I use Copilot for the parts of the job that eat time without requiring much creativity: summarizing noisy incidents, drafting the first version of a report, translating an idea into a KQL query, explaining an obfuscated script so I can move faster. The trick is always the prompt.
So here are ten prompts worth stealing. Each one comes with what it does, why it's useful, and the actual prompt to copy. They're written so you can paste them in and swap the bracketed parts for your own data. None of them replace your judgment. They just get you to the part where your judgment matters faster.
1. The Incident Summarizer
**What it does:**Takes a messy, multi alert incident and turns it into a clean, ordered summary you can actually reason about, instead of scrolling through forty raw events trying to hold the timeline in your head.
Why its useful: The slowest part of working a complex incident is often just understanding what happened and in what order.
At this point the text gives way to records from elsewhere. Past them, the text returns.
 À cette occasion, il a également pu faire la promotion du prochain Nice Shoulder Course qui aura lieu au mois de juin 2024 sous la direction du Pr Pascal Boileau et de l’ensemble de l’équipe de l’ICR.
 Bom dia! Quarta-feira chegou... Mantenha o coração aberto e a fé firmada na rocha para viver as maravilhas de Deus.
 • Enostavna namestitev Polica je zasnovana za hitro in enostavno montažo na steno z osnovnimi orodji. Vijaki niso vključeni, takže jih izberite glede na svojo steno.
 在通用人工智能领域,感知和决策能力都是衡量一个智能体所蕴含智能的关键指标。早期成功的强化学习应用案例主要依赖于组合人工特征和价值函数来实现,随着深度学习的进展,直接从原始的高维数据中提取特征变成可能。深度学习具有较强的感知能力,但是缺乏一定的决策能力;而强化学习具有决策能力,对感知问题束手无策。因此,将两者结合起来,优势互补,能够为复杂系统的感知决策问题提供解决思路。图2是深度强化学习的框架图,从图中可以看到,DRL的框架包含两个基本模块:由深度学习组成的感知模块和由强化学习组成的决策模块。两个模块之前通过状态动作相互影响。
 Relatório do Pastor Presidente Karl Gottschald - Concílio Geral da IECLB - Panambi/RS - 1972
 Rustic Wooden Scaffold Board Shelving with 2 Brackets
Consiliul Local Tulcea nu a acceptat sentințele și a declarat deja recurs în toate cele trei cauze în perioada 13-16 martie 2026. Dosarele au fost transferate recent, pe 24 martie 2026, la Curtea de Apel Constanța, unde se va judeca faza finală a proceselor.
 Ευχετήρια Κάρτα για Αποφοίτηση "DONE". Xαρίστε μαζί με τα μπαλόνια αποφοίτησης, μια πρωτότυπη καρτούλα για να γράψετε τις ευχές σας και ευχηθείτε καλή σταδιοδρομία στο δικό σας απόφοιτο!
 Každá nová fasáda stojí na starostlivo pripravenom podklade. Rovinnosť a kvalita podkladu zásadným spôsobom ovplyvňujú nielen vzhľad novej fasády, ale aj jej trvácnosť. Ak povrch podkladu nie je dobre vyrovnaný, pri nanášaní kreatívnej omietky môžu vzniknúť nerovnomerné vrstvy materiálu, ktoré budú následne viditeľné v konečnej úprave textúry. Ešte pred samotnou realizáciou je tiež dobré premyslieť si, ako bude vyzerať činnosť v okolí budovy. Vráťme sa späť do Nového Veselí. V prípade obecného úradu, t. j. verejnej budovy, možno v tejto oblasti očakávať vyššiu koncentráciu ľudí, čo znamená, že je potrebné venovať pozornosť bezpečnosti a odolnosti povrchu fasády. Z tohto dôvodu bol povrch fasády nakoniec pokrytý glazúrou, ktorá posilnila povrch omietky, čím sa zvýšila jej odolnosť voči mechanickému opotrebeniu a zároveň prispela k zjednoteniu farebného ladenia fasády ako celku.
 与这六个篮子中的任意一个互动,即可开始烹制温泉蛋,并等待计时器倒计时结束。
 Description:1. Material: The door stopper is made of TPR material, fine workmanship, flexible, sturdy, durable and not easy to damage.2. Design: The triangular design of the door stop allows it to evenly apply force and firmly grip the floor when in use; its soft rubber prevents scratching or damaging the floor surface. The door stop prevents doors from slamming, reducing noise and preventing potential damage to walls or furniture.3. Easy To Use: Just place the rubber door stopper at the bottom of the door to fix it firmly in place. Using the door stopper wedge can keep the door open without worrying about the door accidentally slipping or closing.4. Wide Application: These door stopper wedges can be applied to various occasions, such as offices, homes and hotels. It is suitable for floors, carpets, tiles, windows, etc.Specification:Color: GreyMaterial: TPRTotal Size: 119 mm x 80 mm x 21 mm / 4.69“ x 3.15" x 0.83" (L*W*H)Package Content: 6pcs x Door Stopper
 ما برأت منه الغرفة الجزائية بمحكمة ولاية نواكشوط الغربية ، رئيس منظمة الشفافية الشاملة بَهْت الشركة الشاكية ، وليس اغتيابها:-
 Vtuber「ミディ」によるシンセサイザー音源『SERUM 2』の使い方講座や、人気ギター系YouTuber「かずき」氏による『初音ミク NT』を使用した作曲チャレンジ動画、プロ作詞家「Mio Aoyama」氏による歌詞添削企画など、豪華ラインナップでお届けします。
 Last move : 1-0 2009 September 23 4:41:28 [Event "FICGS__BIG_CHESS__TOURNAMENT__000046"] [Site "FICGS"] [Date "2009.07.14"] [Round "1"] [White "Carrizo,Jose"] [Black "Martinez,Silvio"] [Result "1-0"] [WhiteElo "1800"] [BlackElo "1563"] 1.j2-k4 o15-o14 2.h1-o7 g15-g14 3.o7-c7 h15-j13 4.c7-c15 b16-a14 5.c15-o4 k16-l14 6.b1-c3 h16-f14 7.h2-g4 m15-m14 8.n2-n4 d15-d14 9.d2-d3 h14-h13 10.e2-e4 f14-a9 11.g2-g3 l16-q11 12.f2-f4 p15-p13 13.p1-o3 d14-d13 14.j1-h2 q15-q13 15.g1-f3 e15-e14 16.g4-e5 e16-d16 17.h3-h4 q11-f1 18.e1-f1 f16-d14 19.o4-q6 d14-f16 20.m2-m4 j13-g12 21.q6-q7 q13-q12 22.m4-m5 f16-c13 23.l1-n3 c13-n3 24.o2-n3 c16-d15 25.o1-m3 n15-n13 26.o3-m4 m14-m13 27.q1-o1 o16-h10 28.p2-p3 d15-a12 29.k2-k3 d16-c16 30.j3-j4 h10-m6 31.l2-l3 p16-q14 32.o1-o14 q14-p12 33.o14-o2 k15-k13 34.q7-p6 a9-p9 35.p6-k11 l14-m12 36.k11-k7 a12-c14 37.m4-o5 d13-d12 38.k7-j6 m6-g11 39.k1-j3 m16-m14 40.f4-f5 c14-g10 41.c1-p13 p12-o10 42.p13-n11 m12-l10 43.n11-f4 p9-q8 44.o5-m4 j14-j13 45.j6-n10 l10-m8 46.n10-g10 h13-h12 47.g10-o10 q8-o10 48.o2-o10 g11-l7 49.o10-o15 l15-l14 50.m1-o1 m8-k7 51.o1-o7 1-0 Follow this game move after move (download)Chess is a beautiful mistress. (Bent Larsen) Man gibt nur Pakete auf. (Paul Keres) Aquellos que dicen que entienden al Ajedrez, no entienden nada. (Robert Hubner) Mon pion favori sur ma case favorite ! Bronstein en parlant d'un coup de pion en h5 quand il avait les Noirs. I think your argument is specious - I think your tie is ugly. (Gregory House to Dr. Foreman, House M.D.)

Handing the raw data to Copilot with a clear structure request gets you a timeline in seconds, which you then verify instead of building from scratch.
Act as a senior SOC analyst. Below is the raw data for a security incident. Summarize it into: (1) a one paragraph plain English overview, (2) a chronological timeline of key events with timestamps, (3) the entities involved (users, hosts, IPs), and 4) the three most important unanswered questions I should investigate next. Do not speculate beyond the data provided.
[paste incident data here]
2. The KQL Translator
What it does: Turns a plain English description of what you want to find into a working KQL query for Microsoft Sentinel or Defender, so you don't have to remember exact table and column names every time.
Why it's useful: Most analysts know what they want to hunt for long before they can write the query that finds it. This closes that gap. You describe the hunt, you get a starting query, you refine it. It's the difference between a five minute task and a forty minute one when you're rusty on syntax.
Write a KQL query for Microsoft Sentinel that finds [describe what you want to find in plain English]. Use the [table name] table. Explain what each line of the query does in a comment above it,and tell me which fields I might need to adjust for my environment. If there is a more efficient / optimized way to write this, show that version too.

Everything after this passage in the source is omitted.